*WHAT IS EXPECTED*
Using the data below, return word for word every line from the one holding "Vétille avant travaux" down to the one holding "Фото: Загострення між". Leave pictures out.
━━━━━━━━
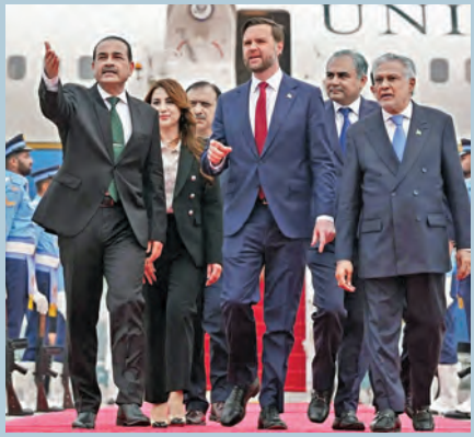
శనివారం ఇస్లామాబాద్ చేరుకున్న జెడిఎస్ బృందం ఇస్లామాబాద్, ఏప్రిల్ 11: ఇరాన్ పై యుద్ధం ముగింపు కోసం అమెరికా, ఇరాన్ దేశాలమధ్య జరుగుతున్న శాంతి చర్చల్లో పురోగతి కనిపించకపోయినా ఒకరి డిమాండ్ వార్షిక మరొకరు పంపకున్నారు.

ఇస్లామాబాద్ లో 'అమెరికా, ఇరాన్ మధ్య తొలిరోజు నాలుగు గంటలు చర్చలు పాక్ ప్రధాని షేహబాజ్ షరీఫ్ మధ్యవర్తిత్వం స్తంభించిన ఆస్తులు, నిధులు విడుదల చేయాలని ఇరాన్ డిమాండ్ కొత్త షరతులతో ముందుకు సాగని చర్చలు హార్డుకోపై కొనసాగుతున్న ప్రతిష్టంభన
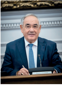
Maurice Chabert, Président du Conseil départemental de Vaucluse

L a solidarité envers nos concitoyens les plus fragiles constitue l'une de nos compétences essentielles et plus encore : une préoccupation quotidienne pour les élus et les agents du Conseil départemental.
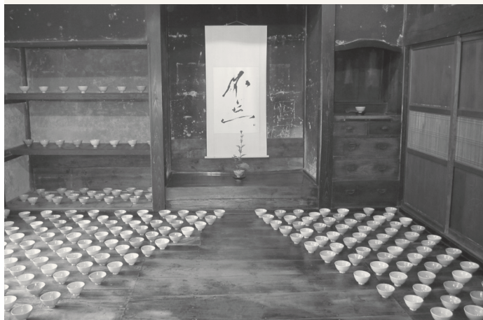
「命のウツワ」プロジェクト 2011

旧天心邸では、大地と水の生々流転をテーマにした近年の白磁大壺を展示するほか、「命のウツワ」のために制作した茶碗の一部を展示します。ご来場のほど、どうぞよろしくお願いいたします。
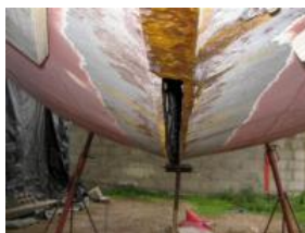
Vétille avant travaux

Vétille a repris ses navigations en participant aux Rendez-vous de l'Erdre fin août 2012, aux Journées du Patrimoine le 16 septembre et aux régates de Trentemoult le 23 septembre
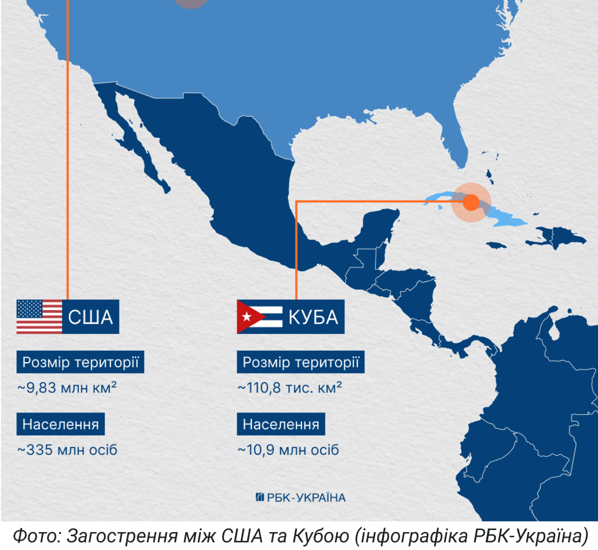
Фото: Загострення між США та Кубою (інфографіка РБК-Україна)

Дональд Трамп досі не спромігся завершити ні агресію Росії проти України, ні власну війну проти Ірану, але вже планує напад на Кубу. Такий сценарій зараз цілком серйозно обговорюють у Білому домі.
━━━━━━━━
*ANSWER TO THIS PROBLEM*
Vétille avant travaux

Vétille a repris ses navigations en participant aux Rendez-vous de l'Erdre fin août 2012, aux Journées du Patrimoine le 16 septembre et aux régates de Trentemoult le 23 septembre
Фото: Загострення між США та Кубою (інфографіка РБК-Україна)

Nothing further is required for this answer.